Resenha crítica de Rodrigo Gurgel, crítico da Folha de S. Paulo  e do Jornal Rascunho:

O mais recente livro de Yuri Vieira, A sábia ingenuidade do Dr. João Pinto Grande, esconde, sob o título atrevido, ao menos dois contos que merecem leitura cuidadosa.

“Amarás ao teu vizinho” é uma aventura da qual participa o personagem que dá nome à coletânea. O substantivo aventura, contudo, não expressa com acerto a índole e o tom da narrativa, composta, em grande parte, de longos diálogos, pois os riscos e peripécias enfrentados pelo protagonista extrapolam o campo das façanhas heroicas a que o senso comum está acostumado, avançando para camadas menos superficiais do comportamento humano.

No primeiro diálogo, o protagonista encontra-se, no portão de sua casa, com Francisco, morador do “único casebre miserável da rua”, sempre disposto, quando bêbado, a conversar com o Dr. João. O diálogo é sugestivo, bem construído, com leves tiradas humorísticas — a analogia entre o desenho do Pica-Pau e a ideia budista da vida como sofrimento, por exemplo, quebra o tom filosófico e paternalista que Pinto Grande concede às suas falas, tão longas que obrigam o paciente Francisco a isolar-se em sua curiosa busca do samádi. No final da narrativa, aliás, o próprio Dr. João, recordando esse diálogo, reconhecerá o erro de trocar “caridade por papo-cabeça sobre o amor”, trecho que demonstra o controle de Yuri Vieira sobre suas histórias: o que, no início, parecia hesitação ou descuido com os rumos da trama, revela-se introdução adequada ao tema que será aprofundado no segundo diálogo.
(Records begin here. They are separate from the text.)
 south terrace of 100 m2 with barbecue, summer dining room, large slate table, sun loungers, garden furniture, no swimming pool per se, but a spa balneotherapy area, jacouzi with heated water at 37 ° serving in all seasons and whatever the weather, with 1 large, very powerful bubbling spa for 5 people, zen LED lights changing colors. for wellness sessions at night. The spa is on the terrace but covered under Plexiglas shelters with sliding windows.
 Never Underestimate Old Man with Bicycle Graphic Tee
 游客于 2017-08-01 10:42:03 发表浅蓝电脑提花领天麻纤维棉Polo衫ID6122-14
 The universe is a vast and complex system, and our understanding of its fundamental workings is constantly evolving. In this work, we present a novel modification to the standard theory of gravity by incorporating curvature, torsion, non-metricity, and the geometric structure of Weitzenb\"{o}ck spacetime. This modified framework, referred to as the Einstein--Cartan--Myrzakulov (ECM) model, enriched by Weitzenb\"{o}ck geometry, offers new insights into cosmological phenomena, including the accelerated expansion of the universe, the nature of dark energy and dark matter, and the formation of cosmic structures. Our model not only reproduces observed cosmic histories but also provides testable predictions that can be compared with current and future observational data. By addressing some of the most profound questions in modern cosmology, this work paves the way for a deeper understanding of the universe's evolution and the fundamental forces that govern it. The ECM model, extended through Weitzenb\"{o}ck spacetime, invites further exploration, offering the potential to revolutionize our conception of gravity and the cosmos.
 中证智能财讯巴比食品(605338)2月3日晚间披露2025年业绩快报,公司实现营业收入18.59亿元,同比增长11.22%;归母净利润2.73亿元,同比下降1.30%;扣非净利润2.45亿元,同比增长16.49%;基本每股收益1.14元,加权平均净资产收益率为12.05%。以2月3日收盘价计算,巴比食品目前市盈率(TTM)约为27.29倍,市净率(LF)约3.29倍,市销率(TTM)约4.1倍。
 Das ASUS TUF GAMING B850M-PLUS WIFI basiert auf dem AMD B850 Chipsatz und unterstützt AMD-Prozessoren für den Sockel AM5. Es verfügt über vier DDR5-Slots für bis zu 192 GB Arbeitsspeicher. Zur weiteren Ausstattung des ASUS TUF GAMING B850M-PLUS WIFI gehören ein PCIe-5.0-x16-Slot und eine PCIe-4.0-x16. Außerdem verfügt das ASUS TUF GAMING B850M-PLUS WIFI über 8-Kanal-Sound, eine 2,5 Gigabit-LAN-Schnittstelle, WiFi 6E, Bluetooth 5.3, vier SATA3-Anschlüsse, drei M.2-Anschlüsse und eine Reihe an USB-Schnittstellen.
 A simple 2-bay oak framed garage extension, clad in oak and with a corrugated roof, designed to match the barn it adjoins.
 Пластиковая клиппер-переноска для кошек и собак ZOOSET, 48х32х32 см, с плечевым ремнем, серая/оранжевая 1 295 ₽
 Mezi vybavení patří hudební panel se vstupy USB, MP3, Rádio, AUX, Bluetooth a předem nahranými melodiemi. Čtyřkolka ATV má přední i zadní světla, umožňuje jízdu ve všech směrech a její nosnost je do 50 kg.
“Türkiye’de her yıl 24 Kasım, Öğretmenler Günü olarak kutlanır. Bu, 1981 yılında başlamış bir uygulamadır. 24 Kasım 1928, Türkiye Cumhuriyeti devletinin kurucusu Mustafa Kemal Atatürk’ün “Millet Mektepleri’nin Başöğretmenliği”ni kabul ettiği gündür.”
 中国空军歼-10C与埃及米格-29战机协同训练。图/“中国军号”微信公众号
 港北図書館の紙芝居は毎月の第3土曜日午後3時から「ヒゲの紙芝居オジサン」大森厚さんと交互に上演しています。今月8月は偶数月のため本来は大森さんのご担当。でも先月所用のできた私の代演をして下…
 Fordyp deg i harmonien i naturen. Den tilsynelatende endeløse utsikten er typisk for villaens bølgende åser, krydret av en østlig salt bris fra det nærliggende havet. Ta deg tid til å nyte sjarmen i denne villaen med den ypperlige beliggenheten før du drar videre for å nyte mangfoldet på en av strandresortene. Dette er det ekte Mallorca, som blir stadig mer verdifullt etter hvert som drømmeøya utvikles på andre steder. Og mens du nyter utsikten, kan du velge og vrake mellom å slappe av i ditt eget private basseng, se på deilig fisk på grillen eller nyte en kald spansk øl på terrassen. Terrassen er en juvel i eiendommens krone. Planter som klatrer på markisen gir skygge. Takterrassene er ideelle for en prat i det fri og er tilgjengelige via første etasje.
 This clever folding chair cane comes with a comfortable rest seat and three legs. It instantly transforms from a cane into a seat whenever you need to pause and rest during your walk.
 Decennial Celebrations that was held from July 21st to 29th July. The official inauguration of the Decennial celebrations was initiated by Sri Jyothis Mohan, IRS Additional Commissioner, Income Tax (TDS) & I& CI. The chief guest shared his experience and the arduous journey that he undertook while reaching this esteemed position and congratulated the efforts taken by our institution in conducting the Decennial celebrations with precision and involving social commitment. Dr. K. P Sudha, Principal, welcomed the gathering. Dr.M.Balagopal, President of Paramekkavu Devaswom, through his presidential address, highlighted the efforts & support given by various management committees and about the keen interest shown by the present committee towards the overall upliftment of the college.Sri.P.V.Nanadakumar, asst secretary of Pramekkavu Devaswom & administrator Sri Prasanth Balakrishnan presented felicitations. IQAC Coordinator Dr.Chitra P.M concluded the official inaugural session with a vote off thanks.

Na verdade, o conto esconde detalhado planejamento: desde o primeiro parágrafo, duas linhas narrativas se anunciam, ambas marcadas pelo tema da “vizinhança”: o diálogo com Francisco, vizinho pobre e desprezado por toda a rua, inclusive pela própria família, e a visita ao casal Josif e Draga, antigos vizinhos de Pinto Grande, quando era adolescente, com os quais jantará minutos depois.

Quanto mais avançamos nessa noite em que a relação com o próximo será triturada, exposta em suas contradições e levada a paroxismos, mais percebemos o intrincado enredo a que fomos conduzidos: o jantar transforma-se numa descida ao vale do Flegetonte, para conhecer não só a violência contra nossos semelhantes, mas também homens distintos: os que soçobram diante do apelo a diferentes gestos de agressão e aqueles que, dominando seus instintos, recusam o Mal.

Yuri Vieira constrói, assim, raro exemplo de conto filosófico — e não ideológico. Não se trata de uma peça de propaganda política ou religiosa, não há ideias a priori que o autor deseja propagandear. A interrogação a respeito de nossa relação com o Outro manifesta-se nas situações vividas durante o jantar, em longo e diversificado diálogo, quando os personagens se entrechocam num antagonismo crescente. Os extremos a que somos levados, do inocente diálogo com Chico ao terrível embate na casa dos iugoslavos, são representações realistas dos encontros e desencontros a que estamos fadados — e não meras abstrações de um ideólogo que desejou escrever ficção. O conto dá concretude às escolhas humanas, tantas vezes próximas do completo desatino. E dessa noche oscura, em que os personagens se debatem à procura de saídas para o desespero, emerge, no final perfeito, a límpida figura do Dr. João Pinto Grande, plenamente livre em seu repúdio ao Mal.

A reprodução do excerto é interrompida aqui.